Los Banos planners OK complex for seniors

By Corey Pride / Cpride@losbanosenterprise.comMay 23, 2013 

An affordable housing project for senior citizens was recommended to the City Council on Wednesday despite the trepidations of some planning commissioners who criticized the project as too costly and having the potential to attract outsiders.

The Planning Commission recommended approval of Overland Courts by a 4-1 vote. The project is a 70-unit apartment complex for those 55 and older proposed on 4.77 acres in the northwest corner of Overland Avenue and Rockport Drive.

Tenants will have an earnings cap to be accepted. They can earn 35 percent to 65 percent of $43,945, the median annual income in Merced County.

Westlake Village-based Willow Partners LLC wants to use $2.5 million federal Home Investment Program dollars for the project.

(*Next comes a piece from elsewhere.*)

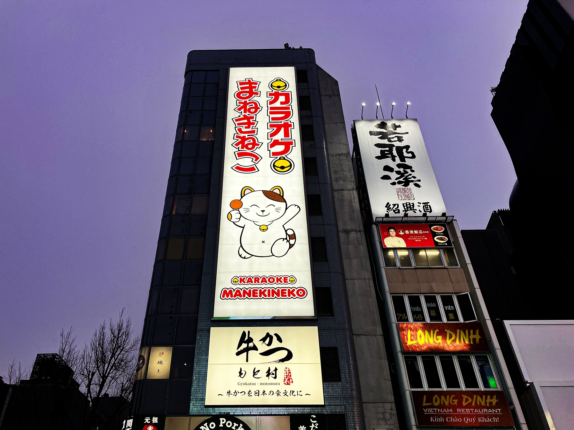 交通媒体・OOH関連 道頓堀グルカスビル(カラオケまねきねこ) #不燃商品 防火地域での不燃メディア必須にてバックリットGFⅡでの製作にて進行しました。 POINT デザインが白ベースにてツナギ部分の補強を特に慎重に進めました。 交通媒体・OOH関連一覧へ 次の実績へ

Another $7 million is expected through tax credits, and a loan of $1.5 million would make up the rest. The city would not be responsible for providing money. Los Banos staff would act as administrators of the loan and make quarterly and annual reports on the financial status of the project.

"I do have a problem with the financials," said Commissioner Arkady Faktorovich. "I'm concerned about this loan deal. Even though the city is not going to be involved, we have a perpetual debt situation. This project is going to be in the red for the duration of its existence."

Commissioner Tom Mello said he's concerned about the zone change for the project. The land is zoned highway commercial, and a zoning change to medium density residential is required for the project. Mello said the area may be best suited for businesses.

Mello also voiced a concern that the complex will attract applicants from outside of Los Banos. Robert Davidson, the project's architect, said he doesn't believe that will happen.

"Very few people have the means to drop into town. Everything we do is for locals," Davidson said.

Mello said he has a philosophical objection to the way the project will be financed and overseen.

"I've never been thrilled about government projects. I just have trouble dealing with government projects ... you seem to lose any kind of control over it, who can be in it," Mello said.

He said he likes the design of the project and is willing to put his opposition aside since it benefits senior citizens.

Faktorovich disagreed.

"I cannot support this kind of stuff," he said. "We have apartments for sale that can be rehabbed with the same program for a fraction of the cost I'm seeing here. We have buildings that stay vacant, we have 18 percent unemployment. We are up to the yin-yang in debt, and we are about to go for a project that will put us more in debt."

Faktorovich was the lone vote against the project. The City Council will likely decide next month if the senior complex gets approved.